The input:
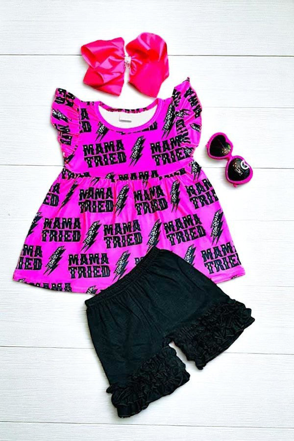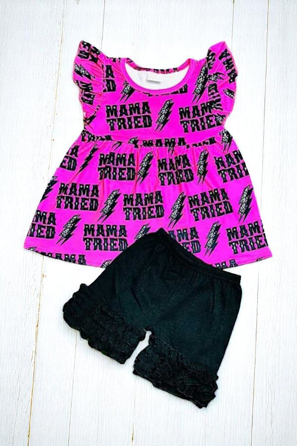 Top features "MAMA TRIED" wording w/leopard thunder prints on hot pink background & ruffle short sleeve cut.
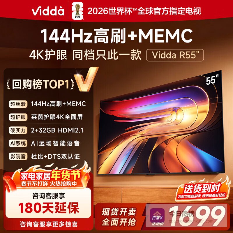 【京东自营】Vidda海信电视55英寸R55一级能效144Hz高刷2+32G以旧换新国家补贴游戏液晶¥
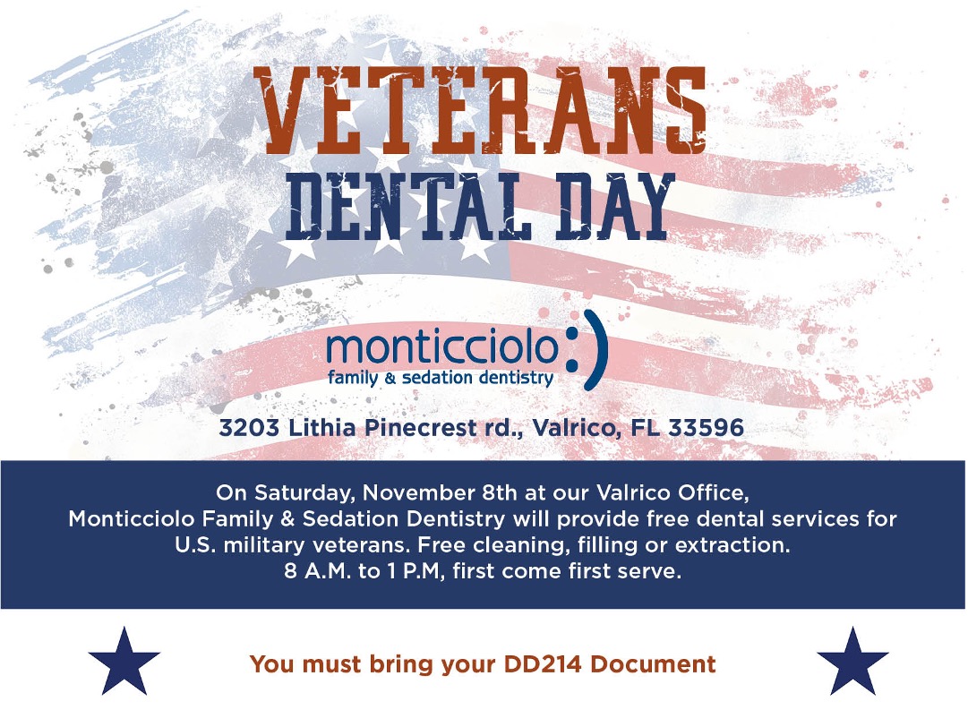 This Veterans Day, Monticciolo Family & Sedation Dentistry is proud to open our doors to those who have served our country. As a heartfelt thank-you for your service, we are offering FREE dental care for Veterans, including a cleaning, filling, or extraction — no cost, no catch, just gratitude.
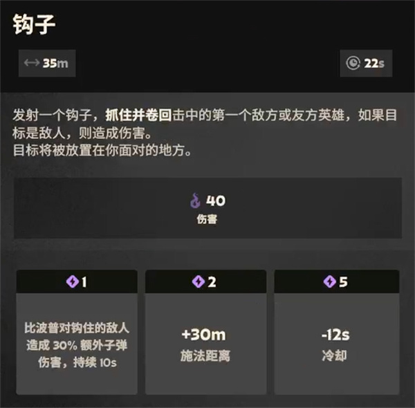 输出类英雄,核心技能是钩索,能开发出很多玩法。
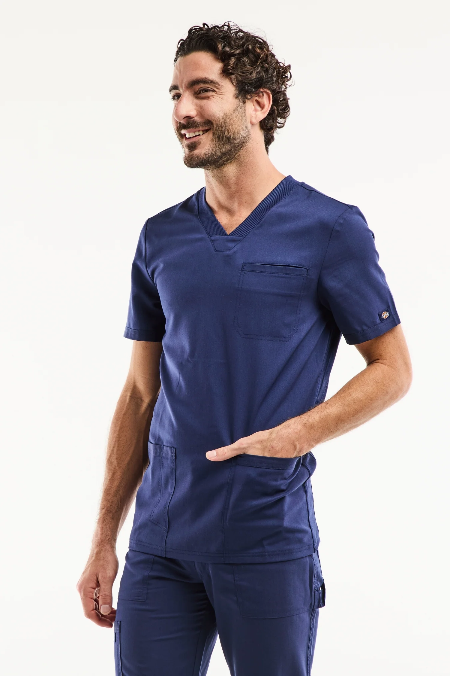 Ce haut élégant à col en V présente un col en tricot, deux poches plaquées à l’avant, des parties en tricot au dos pour le confort. Une boucle élastique a été ajoutée à l’empiècement droit pour maintenir votre badge d’identification dans la position idéale. Coupe contemporaine.
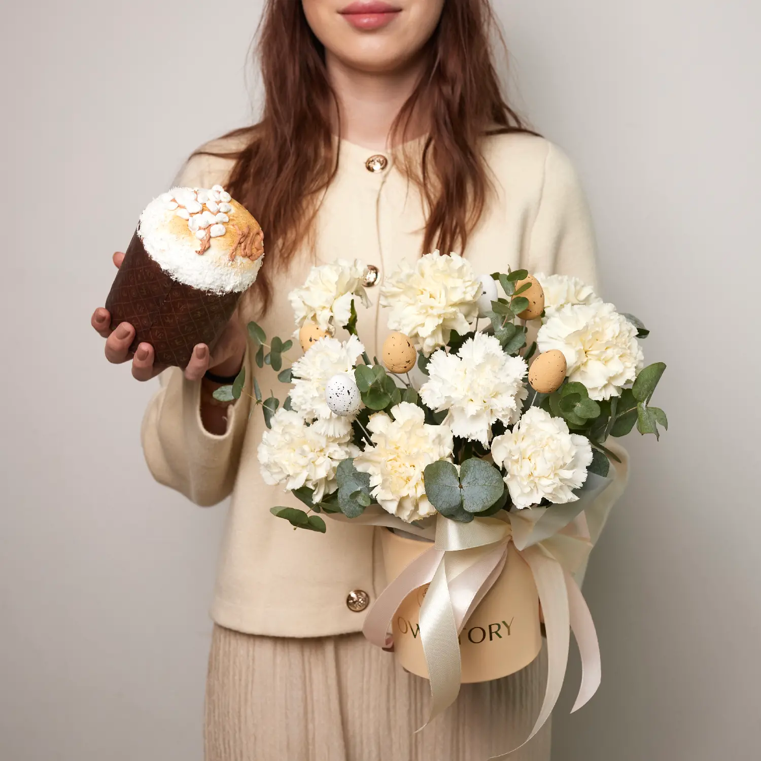 "Подарочный набор из воздушного кулича от кондитерской "Малина" и любого букета из нашего цветочного каталога на ваш выбор С ассортиментом куличей можете ознакомиться на картинках в карточке товара Стоимость доставки может увеличиться, в зависимости от удаленности от салона живых цветов Flow Story Солнечный Конечная стоимость зависит от выбора кулича и букета Уточняйте подробности у наших менеджеров
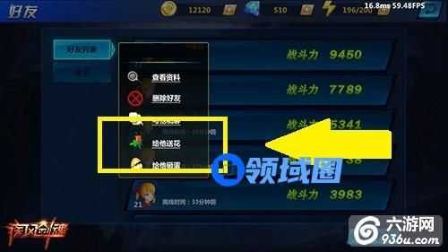 首先,打开你的好友列表,选取你想要送花的好友,点击好友头像,弹出如上图的页面,就可以看到【给他送花】的选项啦~点击【给他送花】,进入送花按钮!PS,首先你要有个好友~如果木有好友,请去公共聊天频道勾搭哦!
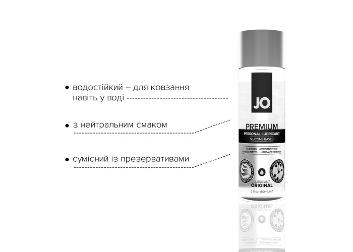 JO® PREMIUM — це інтимний лубрикант на основі силікону, що використовується як доповнення до природної змазки для отримання більшого задоволення від інтимної близькості. Забезпечує довге ніжне оліїсте ковзання, водостійкий, ідеально підходить для пестощів у нестандартних умовах. JO® PREMIUM не містить консервантів і виготовлений із застосуванням силікону лише найвищої якості. Невеликої кількості вистачає надовго!
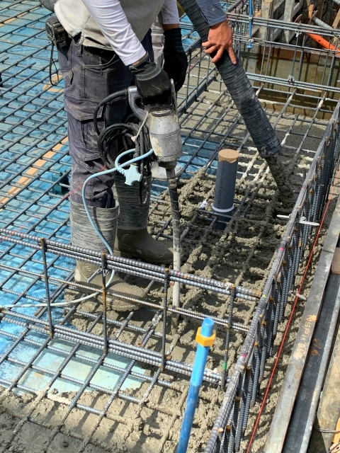 • バイブレーターの基本: コンクリートを流し込んだ後、振動を与えて空気を抜き、隅々まで生コンを行き渡らせます。
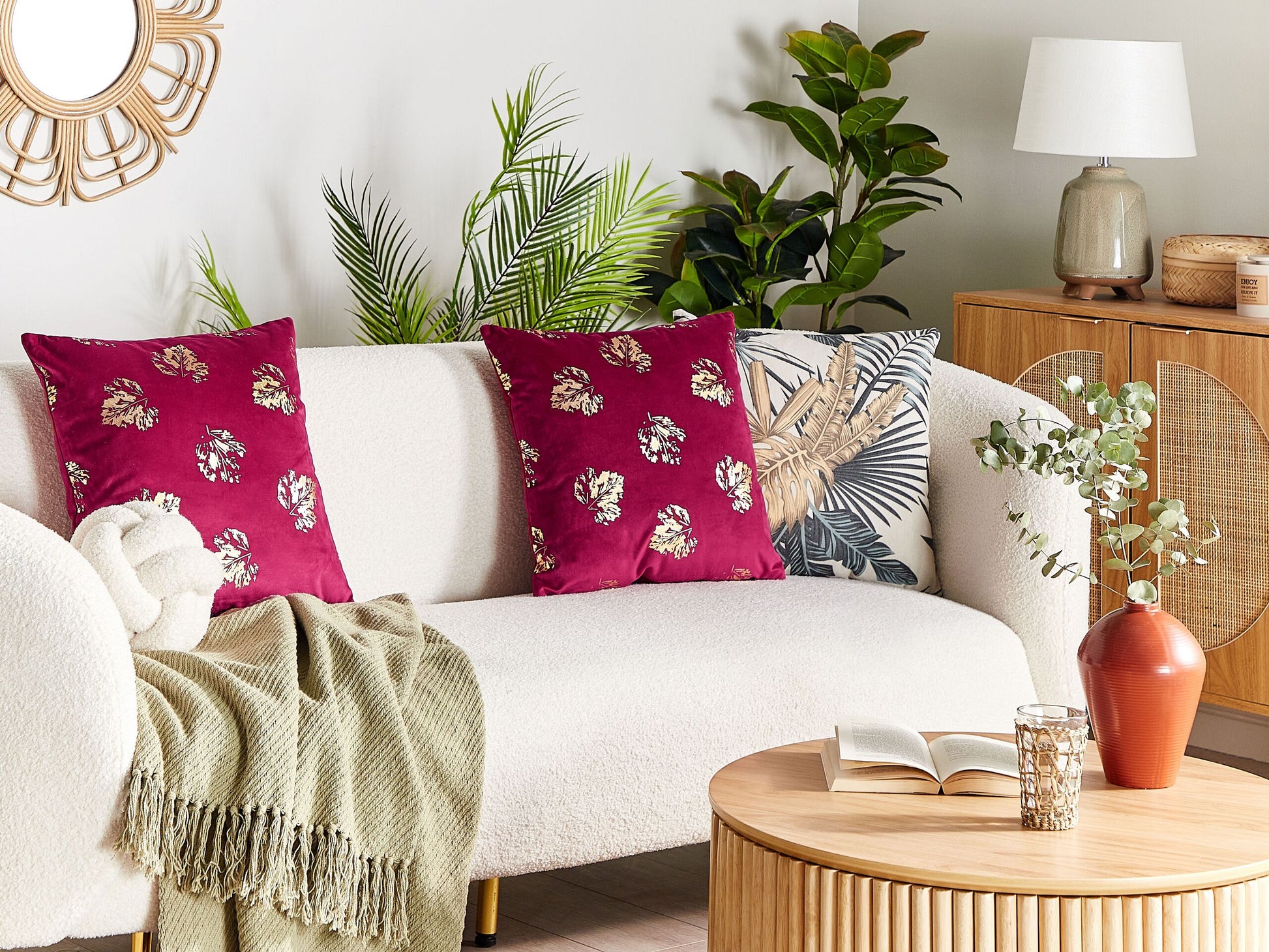 Dekokissen 2er Set GOLDENROD Samtstoff 45 x 45 cm Burgunderrot Pflanzenmuster

Activity:
Please print the data above in its entirety, exactly, but without any picture.

Result of this exercise:
 Top features "MAMA TRIED" wording w/leopard thunder prints on hot pink background & ruffle short sleeve cut.
 【京东自营】Vidda海信电视55英寸R55一级能效144Hz高刷2+32G以旧换新国家补贴游戏液晶¥
 This Veterans Day, Monticciolo Family & Sedation Dentistry is proud to open our doors to those who have served our country. As a heartfelt thank-you for your service, we are offering FREE dental care for Veterans, including a cleaning, filling, or extraction — no cost, no catch, just gratitude.
 输出类英雄,核心技能是钩索,能开发出很多玩法。
 Ce haut élégant à col en V présente un col en tricot, deux poches plaquées à l’avant, des parties en tricot au dos pour le confort. Une boucle élastique a été ajoutée à l’empiècement droit pour maintenir votre badge d’identification dans la position idéale. Coupe contemporaine.
 "Подарочный набор из воздушного кулича от кондитерской "Малина" и любого букета из нашего цветочного каталога на ваш выбор С ассортиментом куличей можете ознакомиться на картинках в карточке товара Стоимость доставки может увеличиться, в зависимости от удаленности от салона живых цветов Flow Story Солнечный Конечная стоимость зависит от выбора кулича и букета Уточняйте подробности у наших менеджеров
 首先,打开你的好友列表,选取你想要送花的好友,点击好友头像,弹出如上图的页面,就可以看到【给他送花】的选项啦~点击【给他送花】,进入送花按钮!PS,首先你要有个好友~如果木有好友,请去公共聊天频道勾搭哦!
 JO® PREMIUM — це інтимний лубрикант на основі силікону, що використовується як доповнення до природної змазки для отримання більшого задоволення від інтимної близькості. Забезпечує довге ніжне оліїсте ковзання, водостійкий, ідеально підходить для пестощів у нестандартних умовах. JO® PREMIUM не містить консервантів і виготовлений із застосуванням силікону лише найвищої якості. Невеликої кількості вистачає надовго!
 • バイブレーターの基本: コンクリートを流し込んだ後、振動を与えて空気を抜き、隅々まで生コンを行き渡らせます。
 Dekokissen 2er Set GOLDENROD Samtstoff 45 x 45 cm Burgunderrot Pflanzenmuster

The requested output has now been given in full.